Surgery improves sex lives for some; Hysterectomy study may help allay fears, UM researchers say; Procedure's foes unswayed


Fearing their sex lives will deteriorate, many women with painful gynecologic conditions put off hysterectomies. But in the largest study of its kind, researchers at the University of Maryland School of Medicine have found that women's sex lives greatly improve after the operation.

The report, published in today's edition of the Journal of the American Medical Association, showed that women who had hysterectomies had more sex and that it was more satisfying. And the pain many of these women previously experienced during intercourse disappeared.

"If women are hesitating to have hysterectomies because they're afraid it will damage their sexual function, then it looks like that's unlikely," said Dr. Kristen H. Kjerulff, an epidemiologist and the study's principal investigator.

The explanation may be as simple as this: The women feel better.

A hysterectomy is one of the most common surgeries women undergo. By age 65, experts say, one in three women have had the operation to remove the uterus. A small percentage of patientshave the surgery because of cancer. But the vast majority of patients who have hysterectomies do so because they are suffering from several conditions that can cause excessive bleeding and pain, including fibroid tumors, endometriosis and uterine prolapse.

Some smaller studies have produced similar results, but the Maryland study is the best designed to date and involves a diverse group of women, experts said.

"It's going to be the gold standard," said Dr. Barbara S. Levy, a Seattle gynecologist and spokeswoman for the American College of Obstetricians and Gynecologists. "It's very significant."

Maryland researchers studied nearly 1,300 women from 28 hospitals statewide over two years, interviewing them before hysterectomy surgery and at several intervals up to 24 months after the surgery.

On average, these women dealt with their gynecologic condition for two years before seeking out a doctor. Then, they tried a series of treatments that didn't work. Julia Rhodes, the study's lead author, said that most of the women underwent a hysterectomy as a last resort.

Afterward, the number of women having sex at least five times a month increased by 10 percent. The number who reported experiencing orgasms increased from 63 percent before surgery to 72 percent. And the number of women who said they had strong orgasms rose from 45 percent before hysterectomy to 57 percent after.

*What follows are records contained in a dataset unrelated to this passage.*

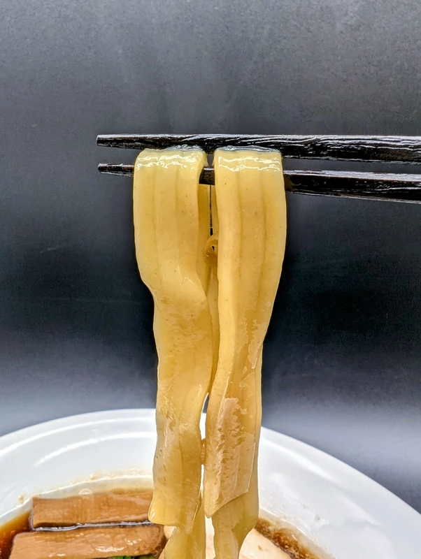 麺は茹で後の実測で横幅3.5cmもある超幅広な自家製超多加水手揉み麺。
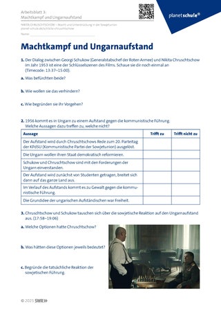 Danach erarbeiten die Schülerinnen und Schüler die politische Haltung Chruschtschows gegenüber sogenannten Abweichlern (Konterrevolution). Sie setzen sich zum einen mit dem Staatsstreich gegen Beria und Malenkow und zum anderen mit der militärischen Reaktion auf den Ungarnaufstand auseinander. Dabei wird die sowjetische Doktrin des Führungsanspruchs im Ostblock begründet und beurteilt (Arbeitsblatt 3: Machtkampf und Ungarnaufstand).Tipps: Das Nachvollziehen der Entscheidung Chruschtschows zum Eingreifen (Aufgabe 3) eignet sich für Kleingruppenarbeit.
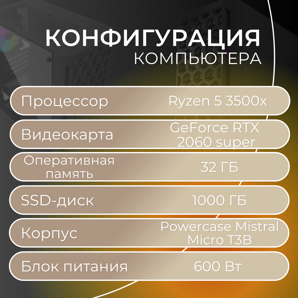 Мощный игровой компьютер (системный блок)Ryzen 5 3500x 6 ядер/ GeForce RTX 2060s/ 32GB DDR4/ SSD 1000гб /600 W/ Win 10 информация:
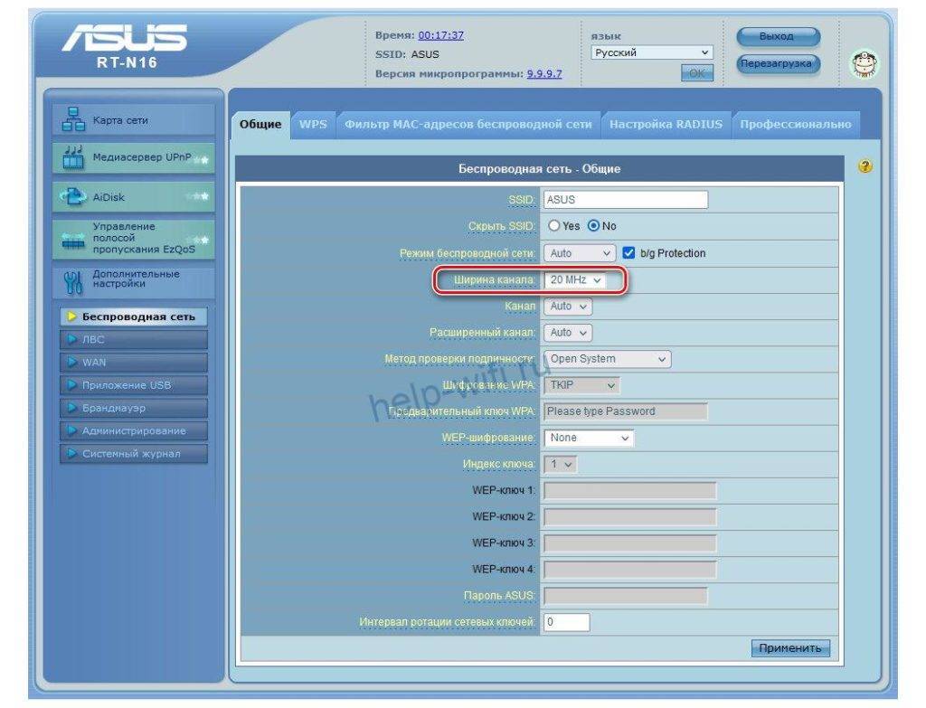 Войти в веб-меню роутера данного производителя можно таким же способом, как и для Tp-Link. В меню маршрутизатора Asus в разделе нужно выбрать подраздел «Беспроводная сеть», далее пункт «Ширина канала». Из выпадающего списка выбрать и установить необходимое значение.
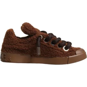 Dolce & Gabbana Bruine Nep Schapenvacht Lage Sneakerschoenen
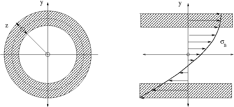 Zur besseren Orientierung über die Lage der Spannungsverteilung und die verwendeten Hilfskoordinaten sind in Bild 21 noch zwei Skizzen angegeben. Links ist die Querschnittskoordinate y gezeigt sowie die Wanddickenkoordinate z, die von der Rohrwandmitte aus gezählt wird und in der im folgenden behandelten zweiachsigen Spannungsbetrachtung auftritt. Weiter ist rechts noch die prinzipielle Lage der Spannungsverteilung nach Gleichung 15 angegeben.
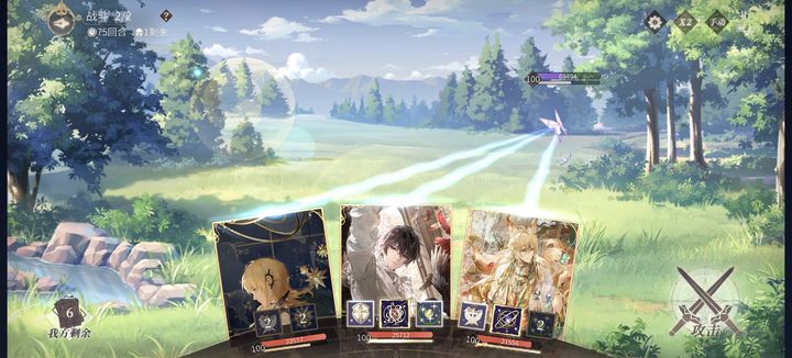 通关核心思路是打持久战,以控制和回血能力强、血量厚的卡牌为主力,高战斗力卡牌留一张用于推进。若遇到难关,可参考使用三张治疗卡组合,只要耐心周旋,就能耗死对手。
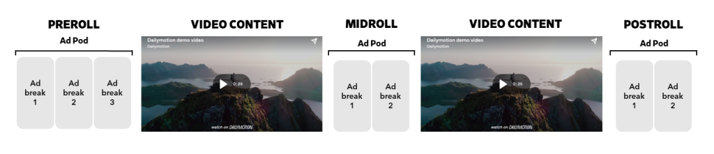 The Dailymotion Player supports ad pods created via Google Ad Manager only.
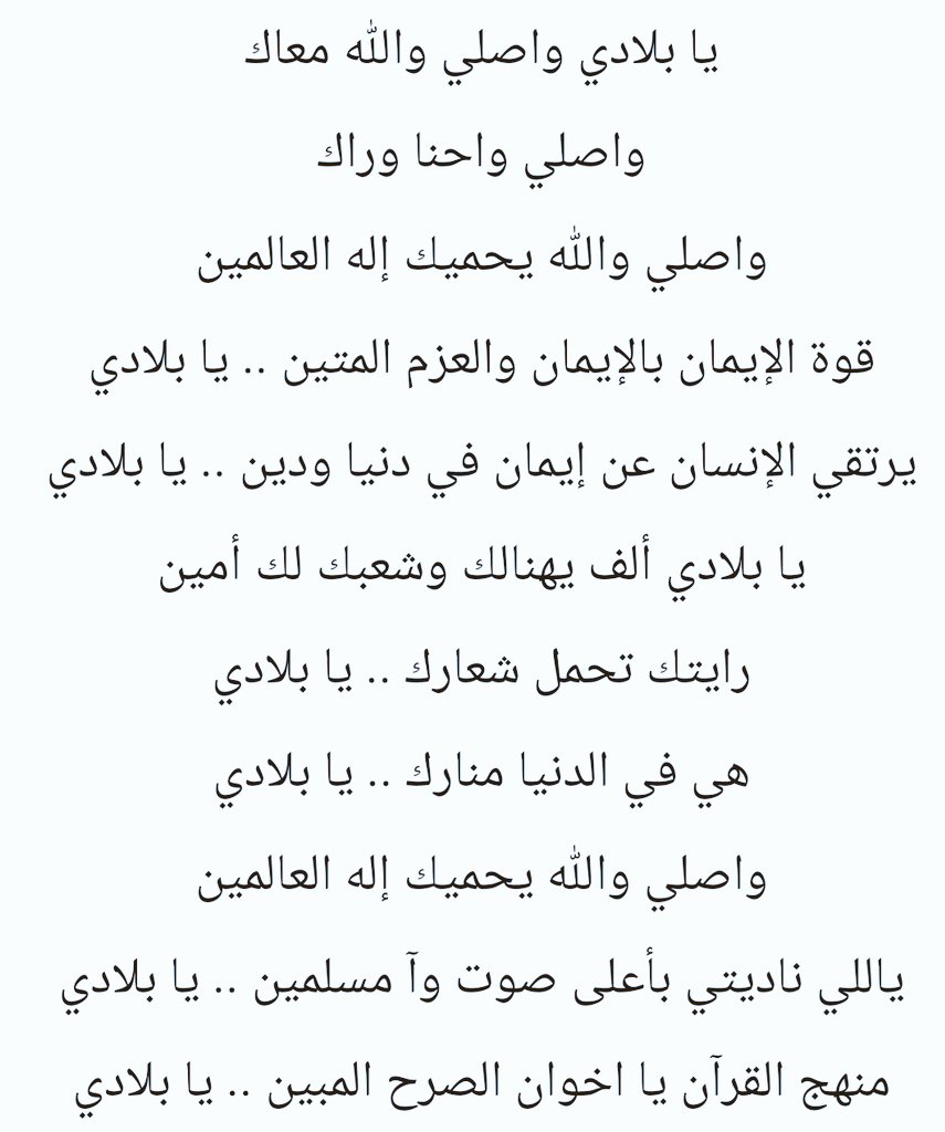 السهلي ابو عادل على تويتر من أجمل شعر الوطن يا بلادي واصلي والله معاك واصلي واحنا وراك واصلي والله يحميك إله العالمين قوة الإيمان بالإيمان والعزم المتين يا بلادي يرتقي الإنسان عن

The rate of painful sex dropped from 40 percent before the surgery to about 15 percent two years later.

Still, researchers say only a fraction of women with painful and other gynecologic conditions end up having hysterectomies. Experts hypothesize that many women may be discouraged from surgery by accounts from women who had bad experiences. Up to 15 percent of women may have some problem, doctors say.

"It's a big issue that looms in front of a woman who is deciding to have a hysterectomy, and many times women are reluctant to talk about it, but that thought is always there: 'Will it affect my libido? Will it affect my sexual function?' " said Dr. Marian Damewood, a reproductive endocrinologist, gynecologist and director of Greater Baltimore Medical Center's Midlife Center.

While doctors say it is rare for women to notice any change in sensation after a hysterectomy, some critics argue that almost all these patients are permanently damaged.

"How can you remove a sex organ and be improved? You may have your pain relieved, but what have you traded it for? No sensation, no feeling, that's what most women report," said Nora Coffey, director of the Hysterectomy Educational Resources and Services Foundation outside Philadelphia. HERS has counseled 200,000 women over the past 17 years.

Coffey said her group is releasing a report in January that says hysterectomies ruin women's sex lives. She claimed that Maryland's work may be skewed because of the type of questions and the way they were asked, and because doctors selected the patients who would participate.

For years, Coffey and others have charged that many hysterectomies are unnecessary, putting otherwise healthy women in danger of serious complications. But several physicians say while that might have been the case years ago, a woman must now have a "very pressing" gynecologic condition to get the operation.

In the new study, researchers tested a list of factors -- including race, number of ovaries removed and use of hormone replacement therapy -- to see which might be associated with a poorer outcome. They were surprised to discover only one association: Women who were depressed beforehand were less likely to experience improvements.

Janet Harris, 39, said she suffered for four years from fibroid tumors. She had painful cramps and periods that lasted half the month. The East Baltimore woman eventually became anemic. But she didn't want to have the surgery because of what other women had told her.

"They said, 'You won't feel like a woman anymore, your man is going to leave you,' " said Harris, who was not in the study. Finally, she had a hysterectomy in September and said her sex life has improved in every way.

"It's nothing like they said. I didn't even want my boyfriend to sleep near me before because I was so irritable," Harris said. "But now I'm snuggled up like a little bunny."